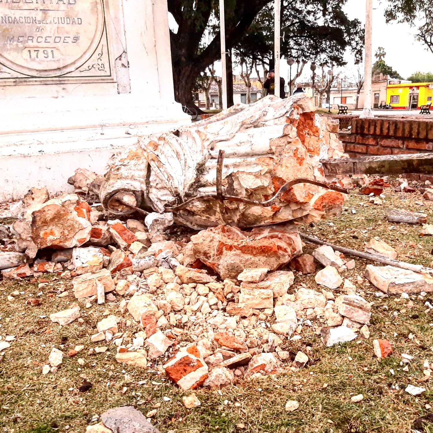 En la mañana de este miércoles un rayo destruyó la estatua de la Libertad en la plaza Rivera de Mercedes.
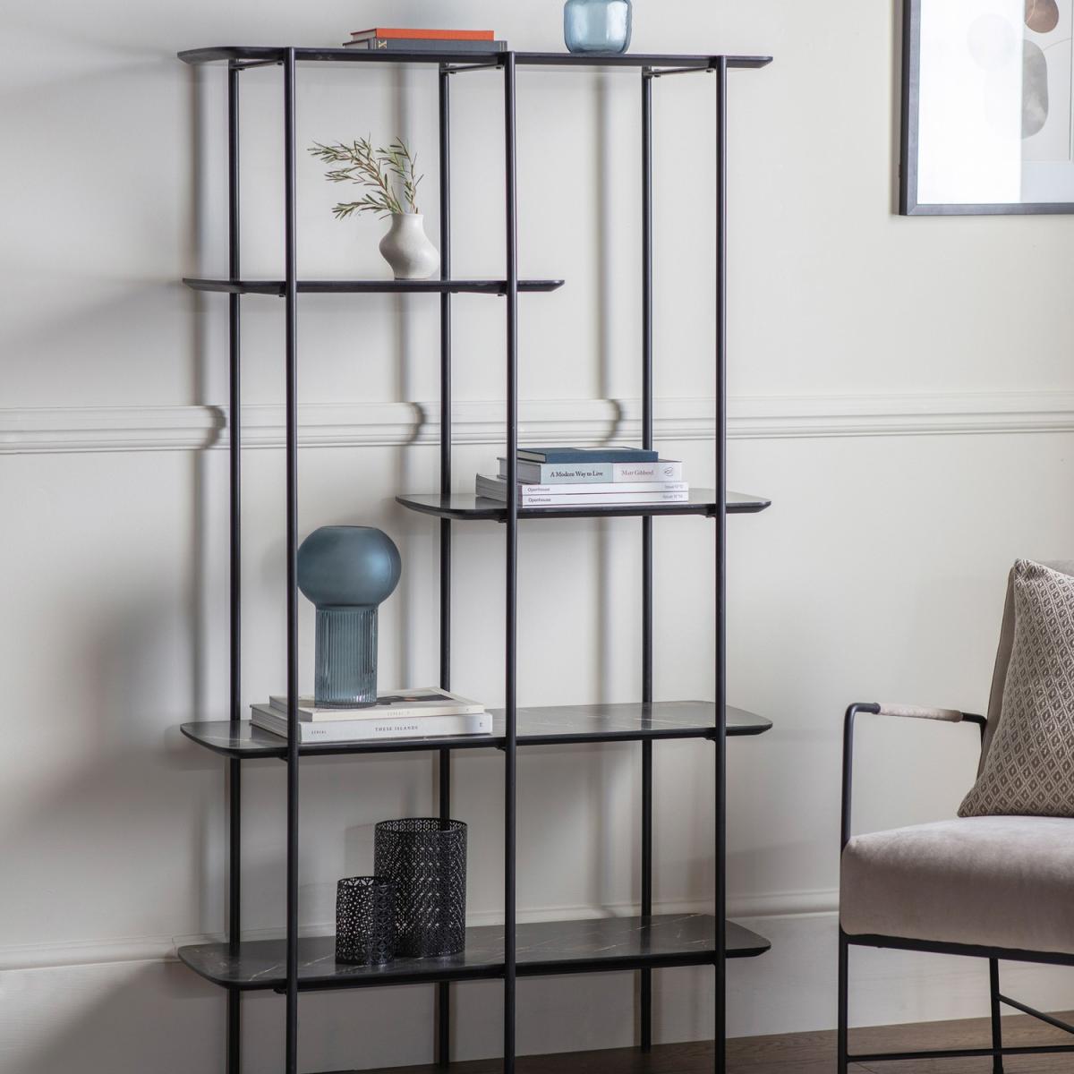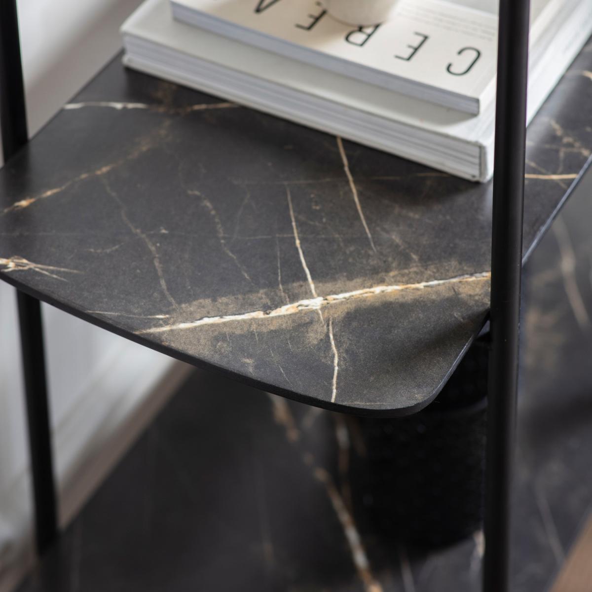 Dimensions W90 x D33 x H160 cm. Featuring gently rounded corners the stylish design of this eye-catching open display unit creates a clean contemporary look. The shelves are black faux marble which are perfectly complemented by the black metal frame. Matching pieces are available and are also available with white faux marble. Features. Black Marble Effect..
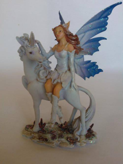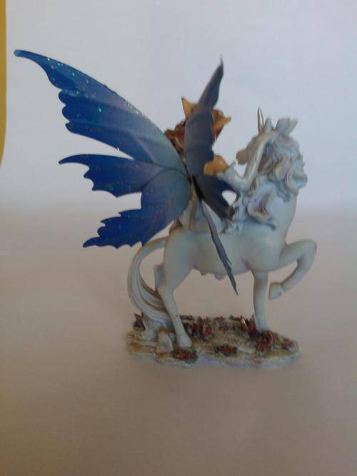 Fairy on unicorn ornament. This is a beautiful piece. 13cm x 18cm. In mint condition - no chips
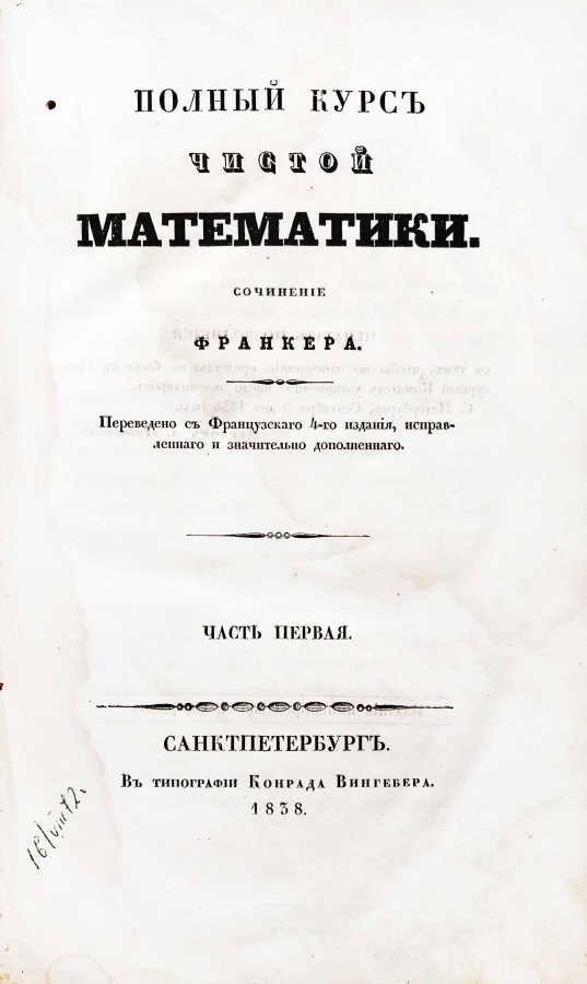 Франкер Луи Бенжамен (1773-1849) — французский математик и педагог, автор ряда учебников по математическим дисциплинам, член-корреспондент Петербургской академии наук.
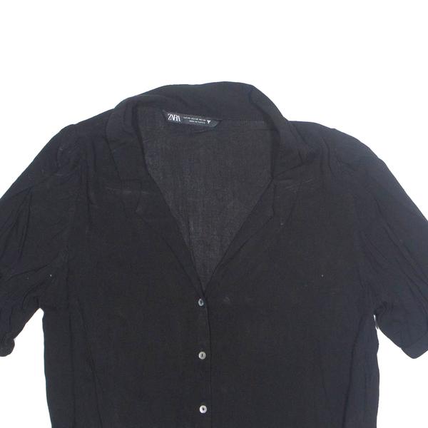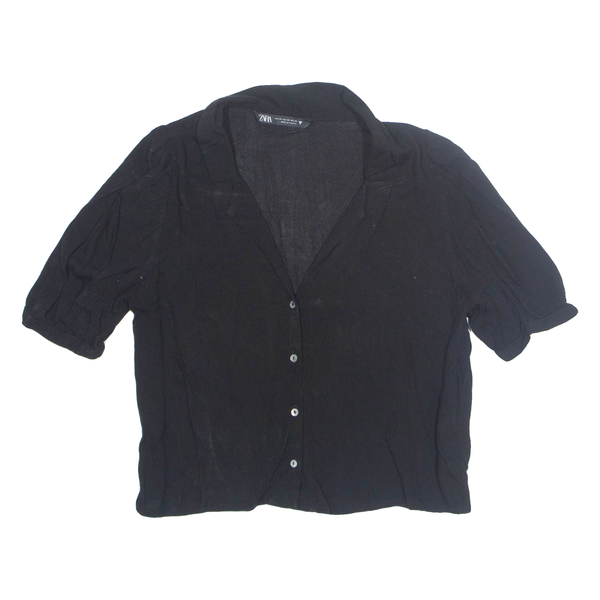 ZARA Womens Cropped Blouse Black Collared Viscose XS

--*--

Assigned task :: Write everything in the records out exactly, apart from the pictures.

Answer section ::
 En la mañana de este miércoles un rayo destruyó la estatua de la Libertad en la plaza Rivera de Mercedes.
 Dimensions W90 x D33 x H160 cm. Featuring gently rounded corners the stylish design of this eye-catching open display unit creates a clean contemporary look. The shelves are black faux marble which are perfectly complemented by the black metal frame. Matching pieces are available and are also available with white faux marble. Features. Black Marble Effect..
 Fairy on unicorn ornament. This is a beautiful piece. 13cm x 18cm. In mint condition - no chips
 Франкер Луи Бенжамен (1773-1849) — французский математик и педагог, автор ряда учебников по математическим дисциплинам, член-корреспондент Петербургской академии наук.
 ZARA Womens Cropped Blouse Black Collared Viscose XS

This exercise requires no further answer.